Most recently, and as an example of the transformational change required, we have cemented a landmark partnership with NHS Lanarkshire, whereby units in Monklands, Wishaw General and Hairmyres Hospitals will become University Hospitals.
In areas such as healthy ageing or long-term health conditions such as stroke, multiple sclerosis (MS), diabetes, HIV and sexual health and substance use and misuse, patients and communities across Lanarkshire will benefit from care and intervention.
Leading academics working alongside healthcare staff, doctors, nurses, allied-professionals and patients will both improve existing service and co-create new models of service delivery and intervention informed by robust research and evaluation.
This, in turn, will inform and develop future health and social care practice and practitioners.

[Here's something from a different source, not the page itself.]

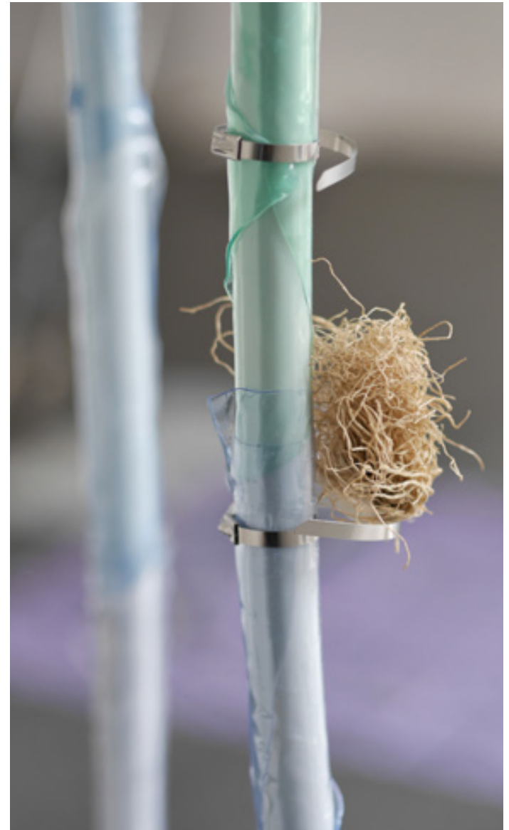
In The Vicinity Of Your Bones , 2019, (detail)

Already initiatives are under way to improve access to healthcare, such as the University’s Physiotherapy Clinic, which works to complement services for NHS patients.
By opening up more channels for people to access the services they require, we are playing our part to help improve access to health and social care services.

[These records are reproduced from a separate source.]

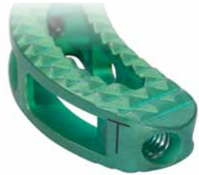
15° offset denoted by a "T" on the right side anterior portion of the implant
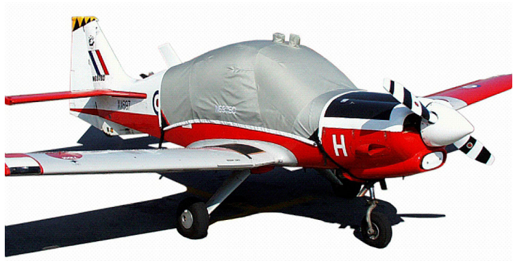
Scottish Aviation Bulldog Canopy Cover

Travel Covers are made with Silver Solution-Dyed Polyester fabric and only lined over the windshield to save weight. The material is lightweight and more compact for easy stowage in the aircraft. The polyester material is water resistant, but only intended for occasional use outside. We also have an ultra lightweight material available for fitted hangar dust covers. For daily outdoor use, the non-travel Sunbrella Cover is the best choice.
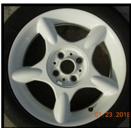
16x6.5 4x100 +48 Mini Style 83 Original $200 (bcturn@gmail.com)

In other areas, GCU’S Professor of Ageing and Health, Dawn Skelton, a specialist in exercise intervention to reduce falls and promote active ageing, is working with healthcare professionals to address one of the key health challenges facing its ageing population.
Byimprovingandraisingawareness of the need to improve mobility in hospital patients, Professor Skelton’s work, such as the Functional Fitness MOT developed at GCU, will feed into the strategies adopted which look after elderly patients to help to improve their outcomes.
Research shows that improving activity and exercise in older people cannot be underestimated in understanding the components of fitness needed to age well and live independently.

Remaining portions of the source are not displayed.